Es gibt Menschen, die bügeln mit Leidenschaft und versinken immer wieder in den Bergen aus Hemden, T-Shirts oder Tischdecken, die schon seit Weihnachten liegen, um ihre Gedanken beim Arbeiten zu vergessen. Denn die Gedanken sind manchmal mit zerstörerischer Explosionskraft, die schönes Empfinden mit einer Handbewegung einfach wegwischen. Das möchte niemand haben, deshalb wird gebügelt. Das klappt bei mir nicht; also drehe ich die Sachlage: Meine Hände arbeiten und der Kopf tobt sich aus. Ich starte meine inneren Bilder, betrachte Dinge, Gesagtes, Träume und wage mich in die Bereiche der verbotenen Sehnsüchte. Das Schöne daran ist: Niemand bemerkt es. Ich bin äußerlich mega-fleißig, da schließlich bereits drei Körbe in Reihe stehen und ich jedem Betrachter meiner Person ein tapferes Lächeln schenke und mein Hausfrauenpunktekonto in die Höhe schießt. Innerlich habe ich Spaß und verbessere meine Welt ziemlich ausschweifend mit tiefstem Vergnügen.

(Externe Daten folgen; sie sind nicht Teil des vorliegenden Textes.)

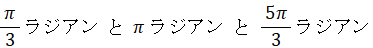 0 以上 2π 未満で、3倍すると π または 3π または 5πになる角度は、次の3つである。
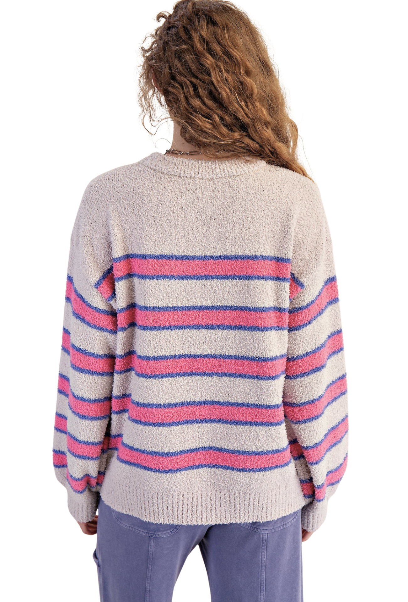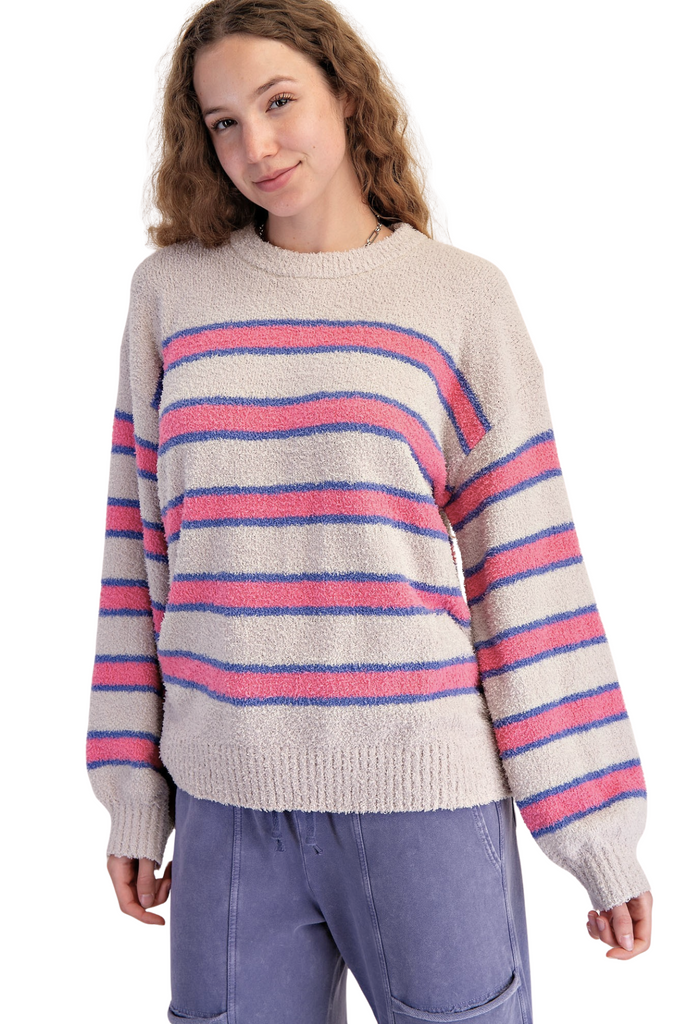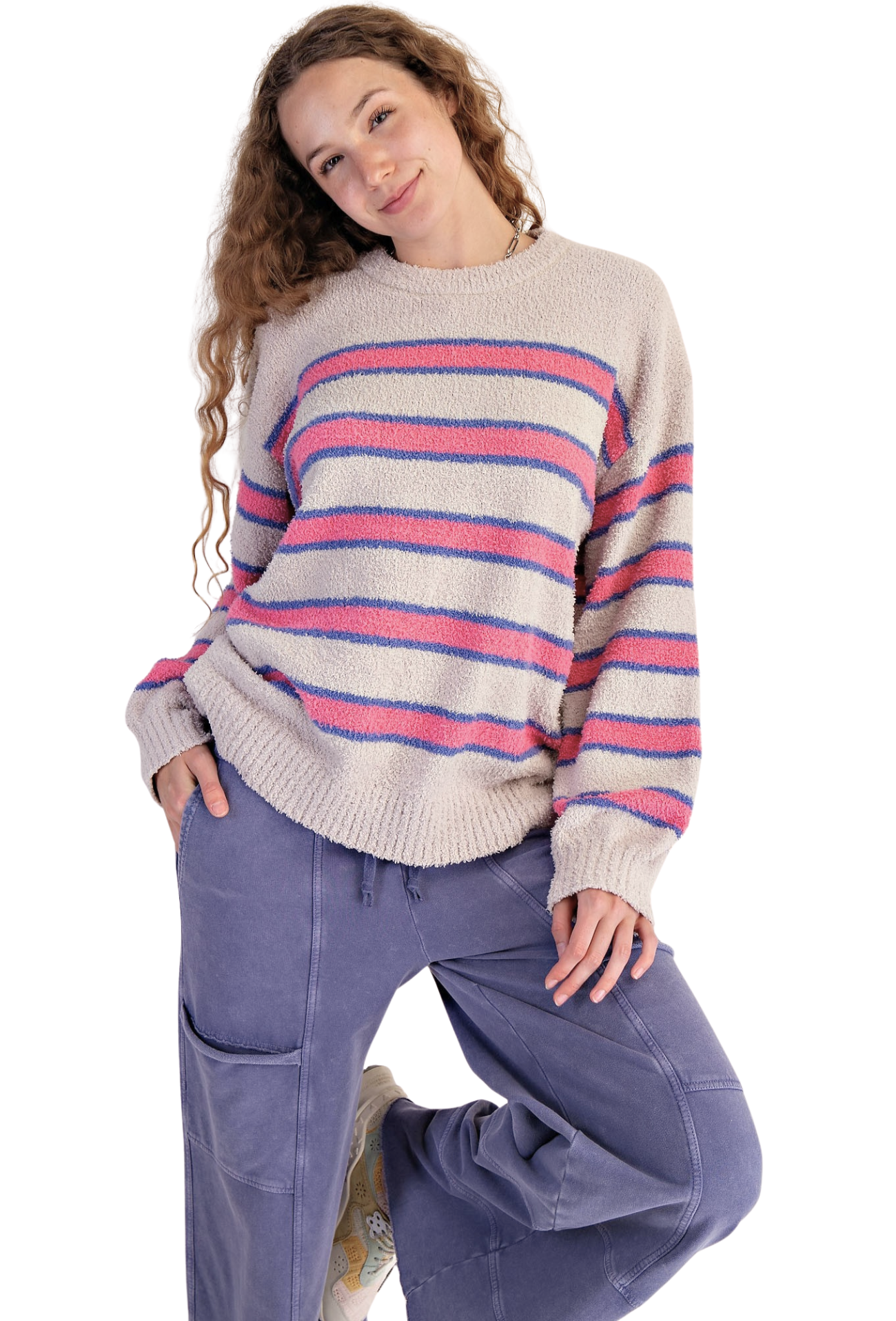 Experience cozy comfort with the Loving Life Sweater, crafted from ultra-soft fabric that feels gentle against your skin. Its classic striped design adds a timeless touch perfect for crisp fall days. This sweater effortlessly combines warmth and style, making it your go-to layering piece as the seasons change. Stay snug and stylish all autumn long.

Um dem Ganzen ein riesiges I-Tüpfelchen aufzusetzen, liegt mein Laptop auf der Spitze des bereits Gefertigten und offeriert mir meinen Lieblings-Podcast mit einem Fachmann[1] der gedanklichen Auseinandersetzung. Dieser zerpflückt Woche für Woche kurioses Gedankengut, um etwas Klarheit in die Welt zu bringen und ebnet damit ebenso die zerfransten Ausschläge so mancher meiner Überlegungen.

Also glätte ich konzentriert den Ärmel einer Bluse, die ich nur selten anziehe, weil sie so schwer zu bügeln ist, doch ich ignoriere diesen Aspekt und höre Christian zu.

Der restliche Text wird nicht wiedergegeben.